Basically, he had to get the ever-living fuck out of there.
He unbuckled and hurled himself into the cargo area in back, to gather his resources and make a plan. To gear up – and psych up.
Now, he thought, n
arrating his whole hopeless situation to himself, lecturing as always, if only in his own head, of anyone else it might be said: Are you mad? Going out into the middle of Moscow alone? On foot? With no safe haven?
As he lectured, he pulled together the three items that were going to be absolutely essential to take with him: his bug-out bag – the 5.11 Tactical backpack filled with apocalypse survival essentials – check. The medical coldbox – holding his custom-designed zombie-annihilating Meningitis Z virus, as well as the vaccine against it – check.
And, last but first, the Benelli motherfucking Tactical shotgun. Check.
Yes, anyone else might be thought mad for going out alone on foot into undead central Moscow. Whereas Aliyev on the other hand, perhaps uniquely among living people, actually had at least two places nearby where he knew he could seek refuge. In fact, he knew the whole government sector well – from his many visits there over the years, when he had been one of the most senior scientists with Biopreparat, the secret Soviet bioweapons program.
This didn’t mean it was going to be easy.
As he furiously planned in his head, he got two boxes of shotgun shells out of the bug-out bag with trembling fingers and dumped the contents into his jacket pockets, then dumped the empty boxes and sealed the bag up again. He realized he could actually hear the approaching dead now, that horrifying frenzied moaning, growing in volume every second. But he refrained from even stealing a glance out the side windows, as that would be a pointless waste of precious seconds – not to mention priceless courage.
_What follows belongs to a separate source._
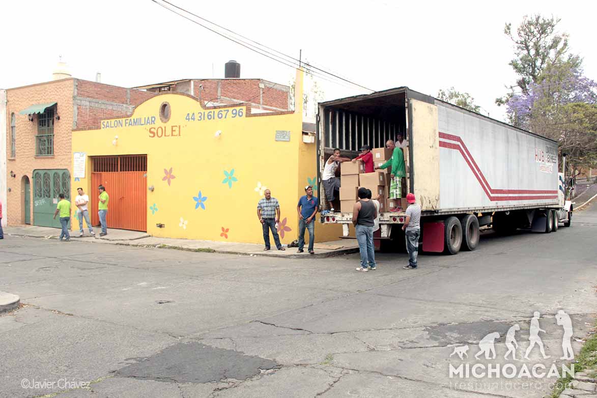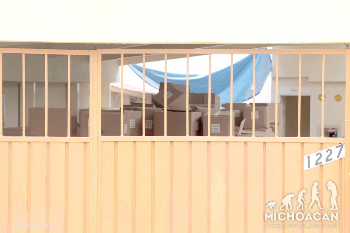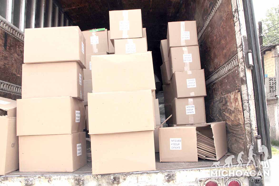 Morelia, Michoacán.-Miles de paquetes de útiles escolares del Partido Verde Ecologista de México fueron descargados en un salón de la colonia Oviedo Mota; se calcula que son alrededor de 15 toneladas de estos productos y que serían repartidos para favorecer las boletas electorales a favor del PVEM-PRI.

Now – there was the question of where exactly the hell to go, once he opened that door and started legging it.
There was, for starters, the Moscow headquarters of Biopreparat itself. This was housed in a yellow brick mansion with a green roof that had previously been the home of a certain nineteenth-century vodka merchant named Pyotr Smirnoff. Ironic, Aliyev thought. Comrade Smirnoff’s product did more than any foreign invader to undermine the health of Russian citizens. And it was from there that we undertook to create bioweapons to destroy the health of everyone else…
He shook his head to refocus it – no time for damned ironic reflections. The important point was that he definitely knew how to get there, he figured he could manage to get in, and he knew the layout of the building. So that was good.